Ce que je retiens de mon Amiga 500.

Mardi 22 février 2011

kickstart

Je devais avoir 8 ou 9 ans lorsque mon paternel a pris comme prétexte mon anniversaire pour s’offrir ce qui s’avéra être mon premier contact avec les jeux vidéo. Malgré le fait qu’il squattait souvent la bécane y compris durant mon sommeil, l’Amiga 500+ était dans ma chambre, il était à moi.
Ses potes avaient aussi des Amiga, et je me souviens encore des séances foireuses de piratage, ce qui à la longue m’avait fourni une belle boite de jeux, si bien que je n’ai jamais eu ou vu une disquette originale.

Enfin bref, j’ai eu envie de lister quelques jeux qui m’ont marqués à l’époque, et qu’ils soient bon ou mauvais rétrospectivement n’a aucune importance puisque je ne compte pas y rejouer. Je n’écrirai pas un pavé pour chaque jeux, des descriptifs complets existent sur le net, ainsi que des roms jouables.

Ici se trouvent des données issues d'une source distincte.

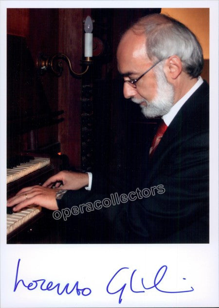 Italian organist and harpsichordist (b.1959), signed photo in performance, size is 5 x 7 inches, in excellent condition.
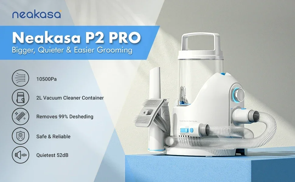 Neakasa P2 Pro, an all-in-one grooming tool kit that is simple to use, effective and affordable. It provides 5 Proven Grooming Tools and collects 99% of pet hair with a vacuum built-in. Features a powerful vacuuming system that brings your grooming to the next level. Specially designed for home pets, its vacuuming collects harmful particles from grooming.
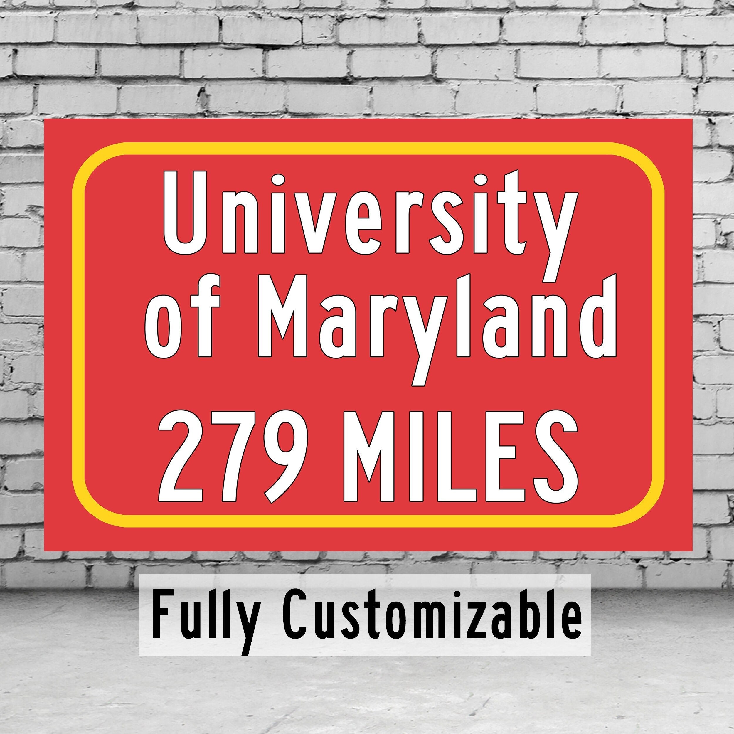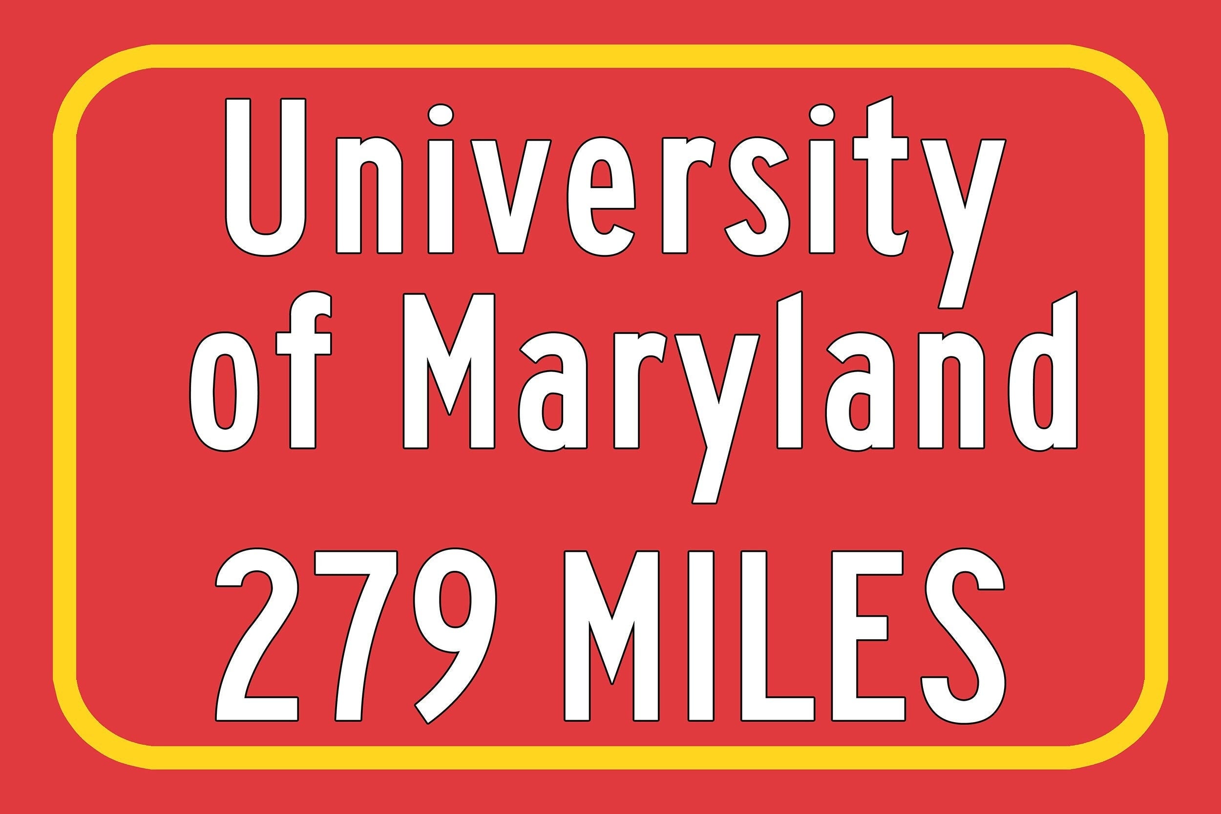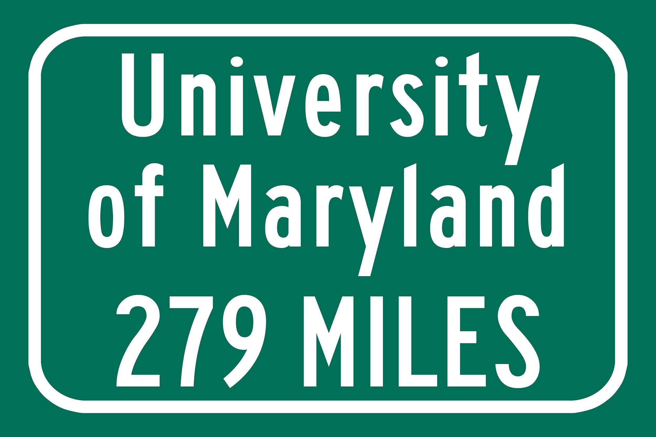 Personalized Highway Distance sign to University of Maryland Terrapins in College Park Maryland. University of Maryland Terrapins Sign

Je suppose que tout le monde éprouve le même sentiment de nostalgie face à ses premiers jeux.

Shufflepuck Cafe

Une simulation d’air hockey, durant laquelle on affronte en vue subjective des adversaires de plus en plus fort. Le jeu était assez difficile, et garde un petit coté énigmatique pour moi, surement a cause des personnages bizarres, et de la musique d’introduction. A noter que Brøderbund Software est aussi connu pour avoir fait le premier Prince of Persia.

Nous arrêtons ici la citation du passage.